DOHA (Reuters) – Qatar will send its first official delegation to Damascus on Sunday to meet Syria’s interim government and discuss reopening the Qatari embassy and enhancing humanitarian aid deliveries, a Qatari official told Reuters on Friday.
“They will take the necessary steps to reopen the embassy and discuss enhancing aid delivery,” the official said.
Previous reports by Syria’s information ministry about a visit by Qatar’s intelligence chief on Thursday were untrue, the Qatari official said.
The visit will come less than a week after Qatari diplomats spoke with Syria’s leading rebel faction, Hayat Tahrir al-Sham, as regional countries race to open contact with the group and the interim government it established after its rapid offensive toppled President Bashar al-Assad.
Turkish intelligence chief Ibrahim Kalin was in Damascus on Thursday for talks involving Syria’s new leadership.

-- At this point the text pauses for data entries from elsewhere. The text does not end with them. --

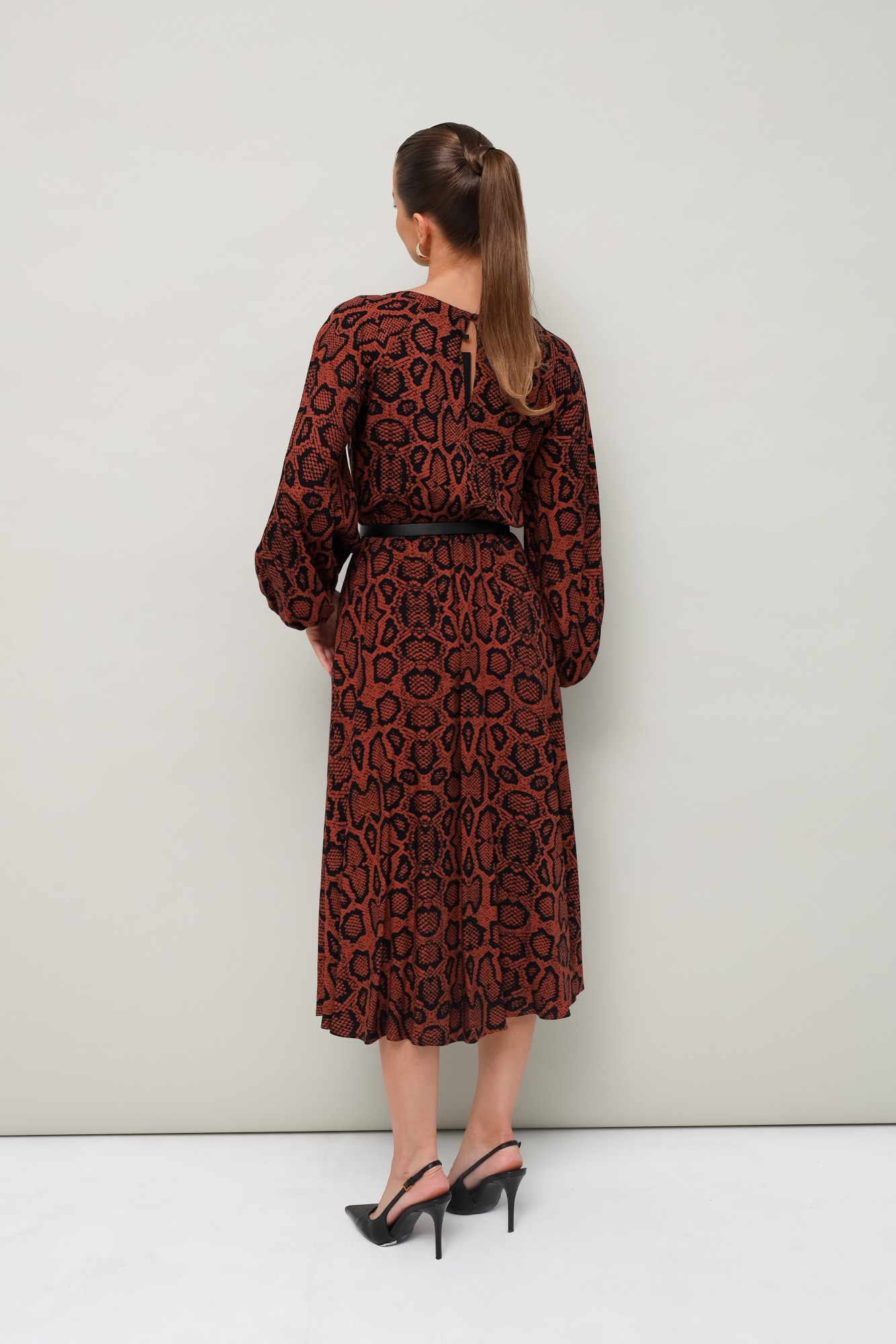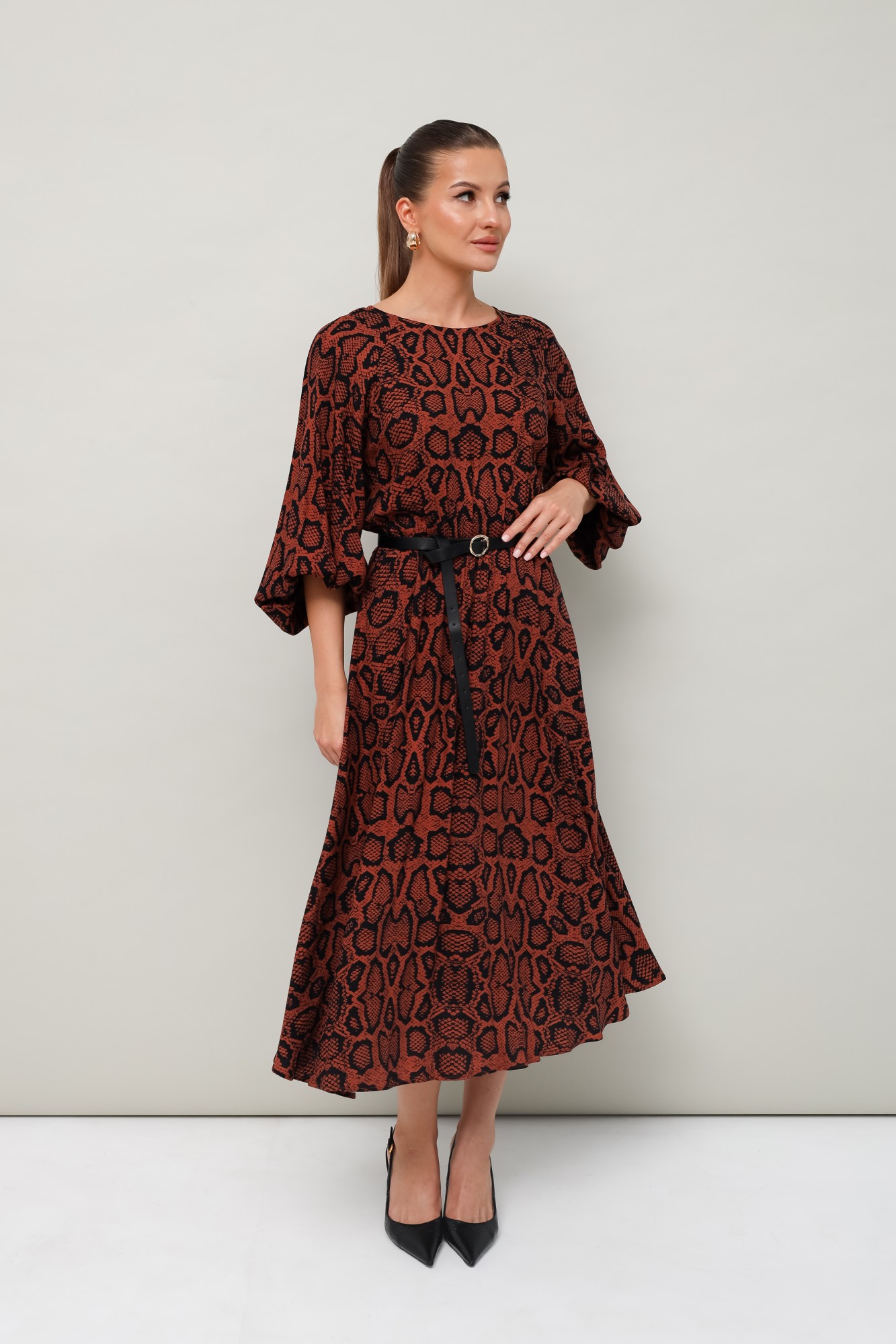 Платье отрезное по линии талии на резинке, выполнено из вискозы с принтом рептилии. Горловина с окантованным вырезом круглой формы. Рукава-реглан, в длине 3/4 собраны на резинку по низу. По спинке обработан разрез с застежкой в среднем шве на навесную петлю и пуговицу. В комплекте прилагается съемный ремень.
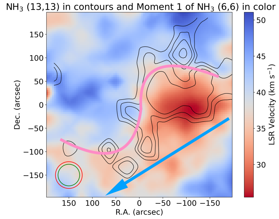 研究团队利用天马望远镜(上海65米射电望远镜)和西班牙耶韦斯40米望远镜,对CMZ分子云G0.66至0.13中的氨分子(NH3)进行了多条跃迁的观测。研究团队首次在星际空间中,探测到NH3高能级跃迁(18,18)发射线,其能级温度高达3100K。分析表明,此类高能级跃迁线来自温度超过400K的热分子气体,且其空间分布与50K至150K的温气体存在明显差异。研究团队进一步通过对比温气体速度场与热气体空间分布发现,热气体主要富集于不同分子云团的交界面区域。
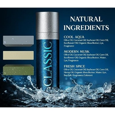 - MEN'S COLOGNE – 남성 향수 같은 향이 나는 비누입니다. CLASSIC은 당신이 맡고 싶은 남성적인 향기를 되찾아줍니다. 과일 향은 전혀 없고, 남성용 코롱의 좋은 향만 납니다. 숲속 향부터 스파이시 향까지 CLASSIC으로 최고의 남성용 코롱 비누를 만들었습니다.

In the report that the Qatari official said was untrue, Syria’s information ministry had said Qatar’s head of state security, Khalfan al-Kaabi, joined Kalin in the capital on Thursday.
Qatar’s embassy in Damascus has been shut since July 2011 when it withdrew its ambassador from Damascus after a series of deadly crackdowns by Assad’s regime on street protesters – violence that led to the 13-year-long civil war.
Doha in recent years rejected efforts by several Arab countries to mend relations with Assad’s government and reestablish diplomatic relations with Damascus.